Implement swap method that swaps two nodes x and y in a singly linked list and r
ID: 2247268 • Letter: I
Question
Implement swap method that swaps two nodes x and y in a singly linked list and reverse method that reverses a singly linked list L in Java.
Thanks
public class SinglyLinkedList<E> implements Cloneable {
//---------------- nested Node class ----------------
/**
* Node of a singly linked list, which stores a reference to its
* element and to the subsequent node in the list (or null if this
* is the last node).
*/
private static class Node<E> {
/** The element stored at this node */
private E element; // reference to the element stored at this node
/** A reference to the subsequent node in the list */
private Node<E> next; // reference to the subsequent node in the list
/**
* Creates a node with the given element and next node.
*
* @param e the element to be stored
* @param n reference to a node that should follow the new node
*/
public Node(E e, Node<E> n) {
element = e;
next = n;
}
// Accessor methods
/**
* Returns the element stored at the node.
* @return the element stored at the node
*/
public E getElement() { return element; }
/**
* Returns the node that follows this one (or null if no such node).
* @return the following node
*/
public Node<E> getNext() { return next; }
// Modifier methods
/**
* Sets the node's next reference to point to Node n.
* @param n the node that should follow this one
*/
public void setNext(Node<E> n) { next = n; }
} //----------- end of nested Node class -----------
// instance variables of the SinglyLinkedList
/** The head node of the list */
private Node<E> head = null; // head node of the list (or null if empty)
/** The last node of the list */
private Node<E> tail = null; // last node of the list (or null if empty)
/** Number of nodes in the list */
private int size = 0; // number of nodes in the list
/** Constructs an initially empty list. */
public SinglyLinkedList() { } // constructs an initially empty list
// access methods
/**
* Returns the number of elements in the linked list.

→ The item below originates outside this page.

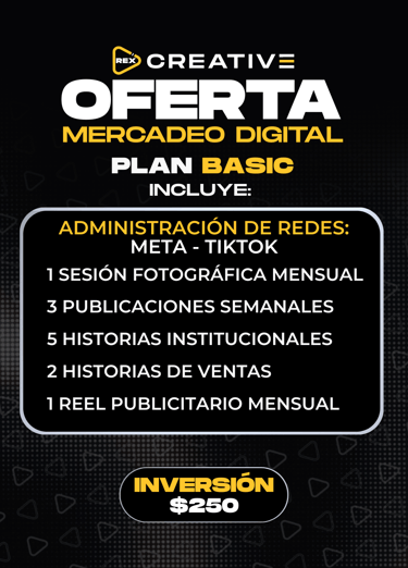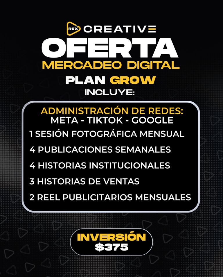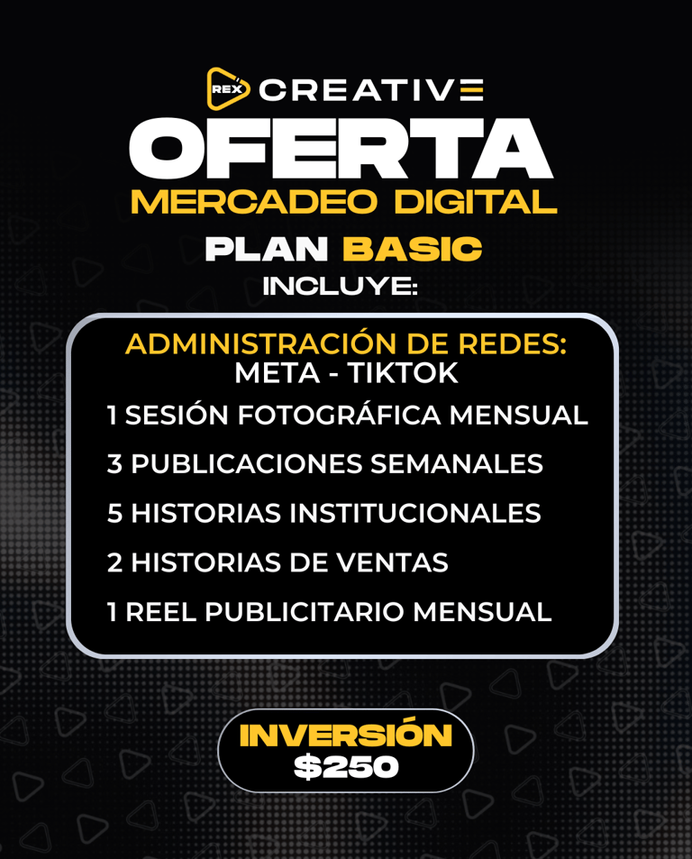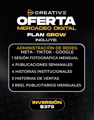 Impulsa la presencia de tu marca con una base sólida. Este plan incluye 1 sesión de fotos de 45 minutos para contenido profesional, la producción de 10 publicaciones semanales, 1 Reel Mensual y el desarrollo de un plan de contenido estratégico. Todo lo que necesitas para empezar a ganar visibilidad y conectar con tu público.

* @return number of elements in the linked list
*/
public int size() { return size; }
/**
* Tests whether the linked list is empty.
* @return true if the linked list is empty, false otherwise
*/
public boolean isEmpty() { return size == 0; }
/**
* Returns (but does not remove) the first element of the list
* @return element at the front of the list (or null if empty)
*/
public E first() { // returns (but does not remove) the first element
if (isEmpty()) return null;
return head.getElement();
}
/**
* Returns (but does not remove) the last element of the list.
* @return element at the end of the list (or null if empty)
*/
public E last() { // returns (but does not remove) the last element
if (isEmpty()) return null;
return tail.getElement();
}
// update methods
/**
* Adds an element to the front of the list.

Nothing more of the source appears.